#### RECORDS SUPPLIED:
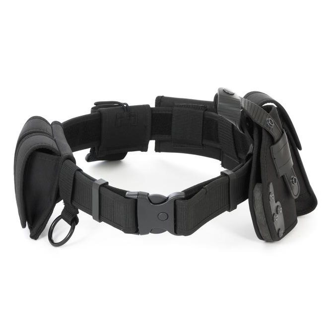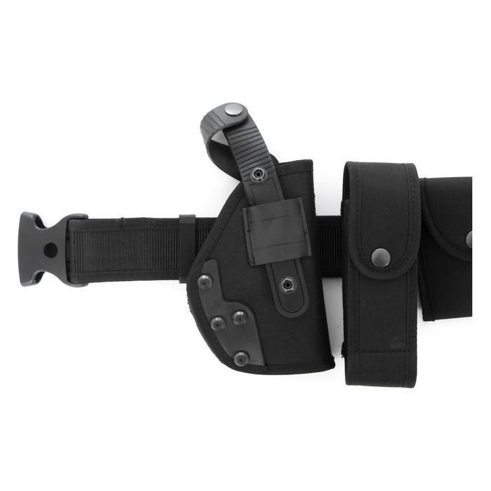 Ceinture tactique robuste dotée d'une boucle en plastique solide avec dispositif de sécurité. Elle est livrée avec un étui pour pistolet, une pochette double pour chargeurs de pistolet, trois étuis universels à pression, une pochette élastique pour petits objets et un anneau métallique solide pour accrocher du matériel. La taille de la ceinture est réglable à l'aide d'une bande Velcro.
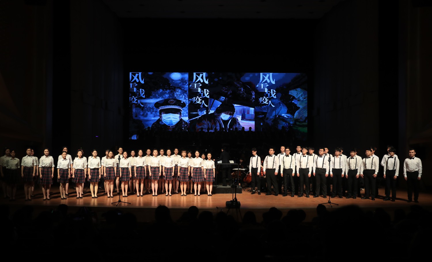 音乐会第二首曲目是由附中音乐教育学院合唱团带来的合唱曲目《那段时光》,歌曲由张征教授为今年所有毕业生创作,以优美的旋律传递着大爱真情,用音乐记录了那段特殊的日子。屏幕上的回忆弥足珍贵,附中同学们的歌声清澈纯真,感人至深,一曲听罢,心灵仿佛被洗涤,就如歌中所说,“心中洒满温暖阳光”。
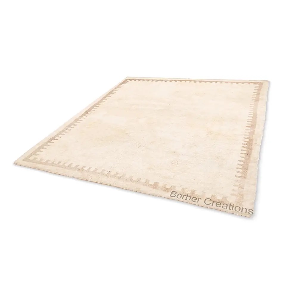 Discover “Juda,” an authentic Moroccan Berber rug meticulously hand-woven from plush wool. Its elegant border offers a clean, modern design that adds rich texture and sophisticated style to any room.
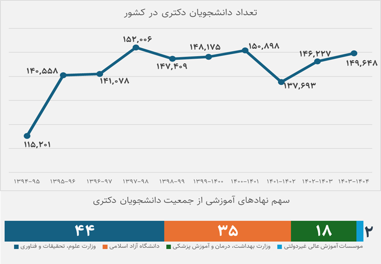 نظام آموزش عالی، در ایدهآلترین حالت، تابعی از نیازهای رشد و توسعه، ظرفیتهای بازار کار و چشماندازهای پژوهشی کشورها است. بااینحال، وضعیت دانشجویان دکتری در ایران، تصویری از یک سیستم صرفاً عرضهمحور را ترسیم میکند که در آن گویا منطق کمّیگرایی بر کیفیت و آمایش سرزمین ارجحیت دارد. بر اساس آخرین گزارش منتشر شده توسط مؤسسه پژوهش و برنامهریزی آموزش عالی در زمستان ۱۴۰۴، جمعیت دانشجویان دکتری در ایران حدود ۱۵۰ هزار نفر است.
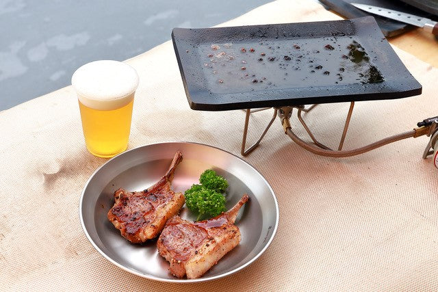 鉄板からの油汚れを防ぐため、4方向に曲げ加工を施しています。これにより、肉汁や食材から出る水分が滴り落ちることを防ぐことができます。

#### REQUIREMENT:
Retype the material in full, exactly as written, and exclude the pictures.

#### ANSWER SPACE:
 Ceinture tactique robuste dotée d'une boucle en plastique solide avec dispositif de sécurité. Elle est livrée avec un étui pour pistolet, une pochette double pour chargeurs de pistolet, trois étuis universels à pression, une pochette élastique pour petits objets et un anneau métallique solide pour accrocher du matériel. La taille de la ceinture est réglable à l'aide d'une bande Velcro.
 音乐会第二首曲目是由附中音乐教育学院合唱团带来的合唱曲目《那段时光》,歌曲由张征教授为今年所有毕业生创作,以优美的旋律传递着大爱真情,用音乐记录了那段特殊的日子。屏幕上的回忆弥足珍贵,附中同学们的歌声清澈纯真,感人至深,一曲听罢,心灵仿佛被洗涤,就如歌中所说,“心中洒满温暖阳光”。
 Discover “Juda,” an authentic Moroccan Berber rug meticulously hand-woven from plush wool. Its elegant border offers a clean, modern design that adds rich texture and sophisticated style to any room.
 نظام آموزش عالی، در ایدهآلترین حالت، تابعی از نیازهای رشد و توسعه، ظرفیتهای بازار کار و چشماندازهای پژوهشی کشورها است. بااینحال، وضعیت دانشجویان دکتری در ایران، تصویری از یک سیستم صرفاً عرضهمحور را ترسیم میکند که در آن گویا منطق کمّیگرایی بر کیفیت و آمایش سرزمین ارجحیت دارد. بر اساس آخرین گزارش منتشر شده توسط مؤسسه پژوهش و برنامهریزی آموزش عالی در زمستان ۱۴۰۴، جمعیت دانشجویان دکتری در ایران حدود ۱۵۰ هزار نفر است.
 鉄板からの油汚れを防ぐため、4方向に曲げ加工を施しています。これにより、肉汁や食材から出る水分が滴り落ちることを防ぐことができます。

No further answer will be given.